Brittain herself is clear that an "immoral" war was waged against Iraq as a lesson to other potentially "renegade regimes" (in Bush's words) which cease to be compliant to the Western stockbroker belt. The "triumphalist Western media", she says, were crucial in covering this up by showing "a war without bodies, a war without suffering".
Edward Pearce, too, is inflamed about the media which gave a "moral gloss" to a "colonial expedition" with "no sense of wrong" about the "great killings" of January and February. He writes with a sharp sense of disgust at "just how low a temperature cold blood may run at" in the veins of war-whooping media bosses and politicians.
Alexander Cockburn and Andrew Cohen (in the best article in the book) write with a Chomsky-like mixture of the scholarly and the hopping mad about the opportunism of the US, which wanted "a military showdown all along".
They also take to task veteran leftists like Norman Geras and Fred Halliday, who supported the war, for failing to apply (what Chomsky called) the "sincerity test" to US statements of high moral purpose. US imperialism had experienced no conversion to beneficence on its road to Damascus, which turned out to be an old-fashioned B-52 flight path to Baghdad.
John Vidal writes with equal passion and clarity on the environmental destruction of the war — warnings of which were "wilfully ignored" and the results of which were laid totally at the door of Saddam Hussein. In truth, he says, the war was one that "simply went for everything that could nourish life".
Abbas Shiblak writes that the PLO's defiance of US intervention does not equate to "support for Saddam Hussein or complacency about the fate of Kuwait" as the simplistic and
dishonest slandering of all antiwar activists tried to make out.
The book's down side is represented by Admirals Carroll and La Rocque, who are impressed by the "increased accuracy of precision-guide munitions" (which were, however, only 7% of the 88,500 tons of bombs used), and who say that "we can feel proud" about the performance of the ground troops and the limited loss of allied lives. They are not Norman Schwarzkopfs, but their position tends towards the patriotic one of the military elite.

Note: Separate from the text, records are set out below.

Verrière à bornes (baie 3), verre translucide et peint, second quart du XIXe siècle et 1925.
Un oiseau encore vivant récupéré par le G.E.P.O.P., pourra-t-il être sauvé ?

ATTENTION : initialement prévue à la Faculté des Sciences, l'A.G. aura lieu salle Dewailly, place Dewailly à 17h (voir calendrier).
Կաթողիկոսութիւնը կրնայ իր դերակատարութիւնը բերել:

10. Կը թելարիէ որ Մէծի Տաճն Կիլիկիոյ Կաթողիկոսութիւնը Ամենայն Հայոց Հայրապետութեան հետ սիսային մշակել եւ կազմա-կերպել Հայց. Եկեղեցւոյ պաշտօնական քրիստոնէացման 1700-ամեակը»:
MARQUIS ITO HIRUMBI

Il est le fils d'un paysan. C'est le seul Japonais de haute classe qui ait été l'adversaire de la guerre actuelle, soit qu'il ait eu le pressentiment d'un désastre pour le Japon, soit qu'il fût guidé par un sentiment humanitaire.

The book's biggest disappointment is Barbara Rogers' Sisyphian effort to shoulder the discredited UN back to its supposed pinnacle of moral and political eminence.

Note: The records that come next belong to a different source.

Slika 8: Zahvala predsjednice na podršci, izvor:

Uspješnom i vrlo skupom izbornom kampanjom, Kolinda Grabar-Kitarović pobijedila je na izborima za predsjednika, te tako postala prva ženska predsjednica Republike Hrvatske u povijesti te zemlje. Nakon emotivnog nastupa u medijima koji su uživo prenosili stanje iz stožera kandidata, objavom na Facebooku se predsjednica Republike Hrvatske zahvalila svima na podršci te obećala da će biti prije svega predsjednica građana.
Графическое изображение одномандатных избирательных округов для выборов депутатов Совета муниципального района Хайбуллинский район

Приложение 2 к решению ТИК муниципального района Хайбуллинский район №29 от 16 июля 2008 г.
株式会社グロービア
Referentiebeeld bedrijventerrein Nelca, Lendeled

She laments the US treating the UN as its "own private property", unaware that bodies like the UN are creatures of the real world where the US is the biggest bandit and, with its clients like Israel, can ignore forests of paper UN resolutions when it suits their material interests.

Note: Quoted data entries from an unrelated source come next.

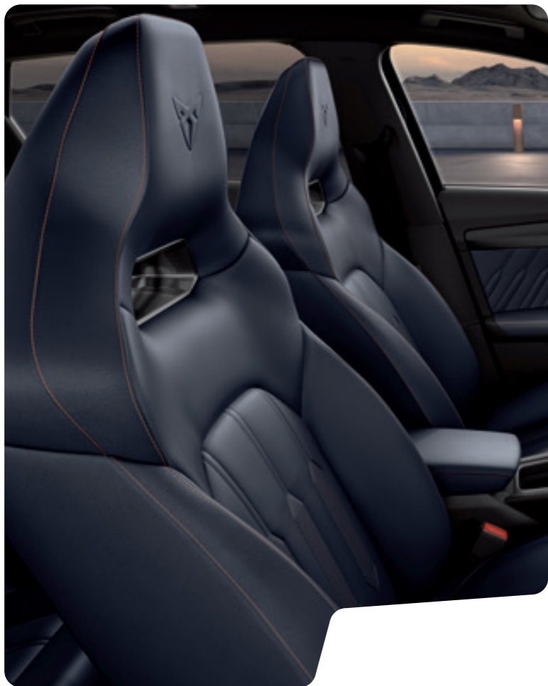
↑ FOTELE KUBEŁKOWE Z PERFOROWANEJ SKÓRY NATURALNEJ NAPPA W KOLORZE PETROL BLUE I SKÓRY EKOLOGICZNEJ 1 F VZ
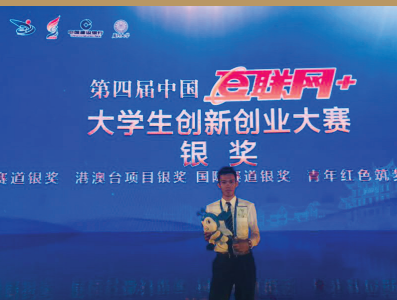
2018年本校學生參加「第四屆中國互聯網+大學生創新創業大賽」榮獲銀獎
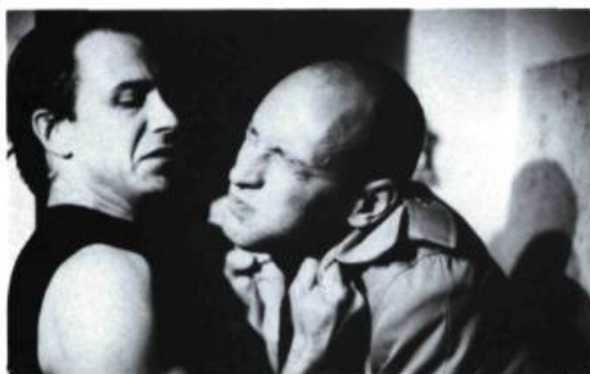
Un zoo la nuit de Jean-Claude Lauzon. Un budget de 1,9 million pour ce premier long métrage québécois.

les éventuels revenus par des cachets en différé. Ce qui entre en conflit avec les structures de production que vous avez établies. Ça crée au départ une grande différence dans la nature des projets acceptés.

She calls for "internationalists" to busy themselves in the "diplomatic marketplace", but what the war showed was the futility of pursuing bandit control in a body — the UN — which is a part of the problem and which is supported by the world's bandits only because it occupies the hopes and efforts of many well-intentioned people for elite regulation of international conflict when what is needed is a more political internationalism directly with the world's have-nots.
This is the heart of the problem with most of the book's contributors. For all their useful information and scepticism towards official propaganda, the Gulf War did not make them question why the US repeatedly goes to war and whose interests are threatened whenever a "rogue regime" or a popular revolution moves to cease being an imperial doormat.
Liberals are not socialists. They support a system of free enterprise which periodically has to up the ante of competition into bloodbaths to guarantee the access to wealth and power of the few.
Nevertheless, The Gulf Between Us does a service by raising necessary, if unanswered, questions — a part of the process of preventing the Gulf War and other imperialist horrors becoming a fairytale of victorious virtue and defeated evil.